Вышла Роза, с пареньком лет шестнадцати.
– Исямесес! – поздоровалась Роза.
– Исямесес, – ответил дед. – Вот, девки, Роза меня по-татарски говорить учит, а я ее по-русски.
– Что меня учить, – сказала Роза, – я и до тебя по-русски умела, а ты так по-татарски и не научился, учи – не учи.
– Как не научился! – возмутился дед. – Дед Мороз – Колотун-бабай, Баба Яга – кошмар-апа!
– О, ялла! Мели, Емеля!
Зинаида Григорьевна повела паренька во двор – тару предоставить. Федор Игнатьевич на свободе тут же распустил перья.
– Вот, девки, Розочка! Имя как у цветка, а такая была ягодка, когда в соседнем дворе появилась! Эх, если б не Зинушка!
– Федя, охальник! – засмущалась экс-ягодка Розочка, – и в гробу шутить будешь.
– Как там сыновья в деревне поживают, Роза? Звонят часто?
– Сыновья? Суки-лар, Федя! Не позвоню – сами не догадаются.

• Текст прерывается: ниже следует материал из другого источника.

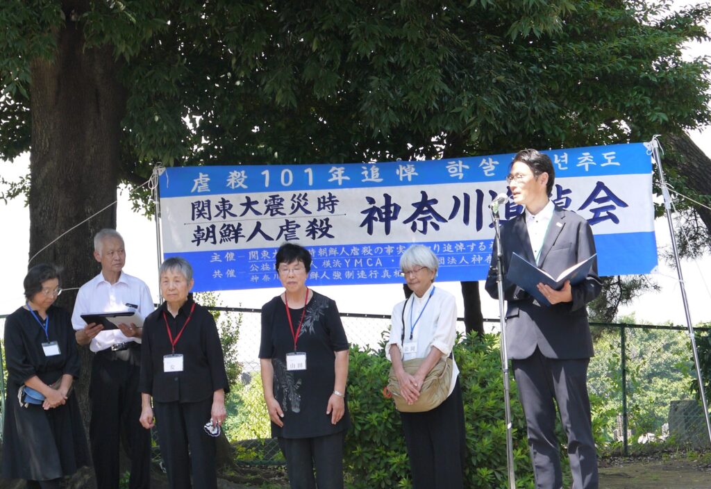 閉会のあいさつには、横浜YMCAの佐竹博総主事が立ち、「101年前のことを繰り返してはならない。現在は情報があふれる、あっという間にデマが広がってしまう。冷静に考え、多数意見だけが正しいのではなく、違いを認め合い、共に生きることが大事。何よりもいのちが大切ということを、いま、これからの挑戦、実践の中で考えたい。これからも追悼の祈りの輪が続き、広がることを願う」と述べた。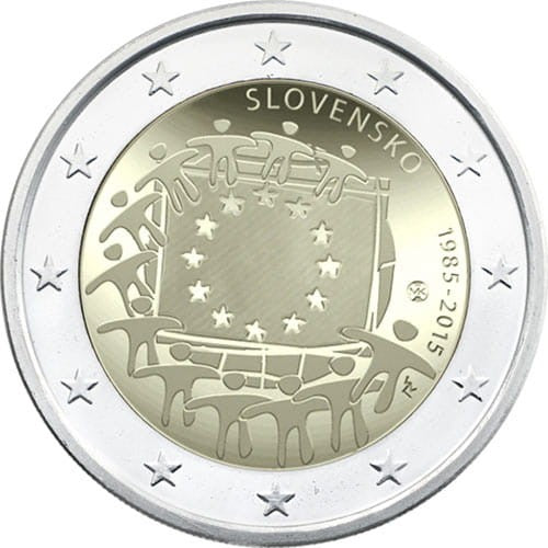 Opis: Moneta przedstawia unijną flagę jako symbol, który jednoczy ludzi i kultury wokół wizji i ideałów lepszej wspólnej przyszłości. Dwanaście gwiazd przechodzących w postaci ludzi okala narodziny nowej Europy. Górą po prawej stronie biegną po półokręgu nazwa kraju emisji i daty „1985–2015”, a niżej znajduje się monogram projektanta Georgiosa Stamatopoulosa. W otoku monety widnieje 12 gwiazd Unii Europejskiej.

В это время на Заречную вывернула свадебная кавалькада из пяти машин, оглушительно сигналя и пыля, промчалась мимо. На звук клаксонов из того же двора выглянула женщина, уже явно разменявшая шестой десяток, располневшая, с жиденьким узелком на затылке. Подошла, поздоровалась, с любопытством глядя на Люсю с Милой.
– Пойдете свадьбу смотреть, Федор Игнатьевич?
– Чего я там не видел? Как «горько!» кричат, я и отсюда услышу, а подробности мне Катька расскажет.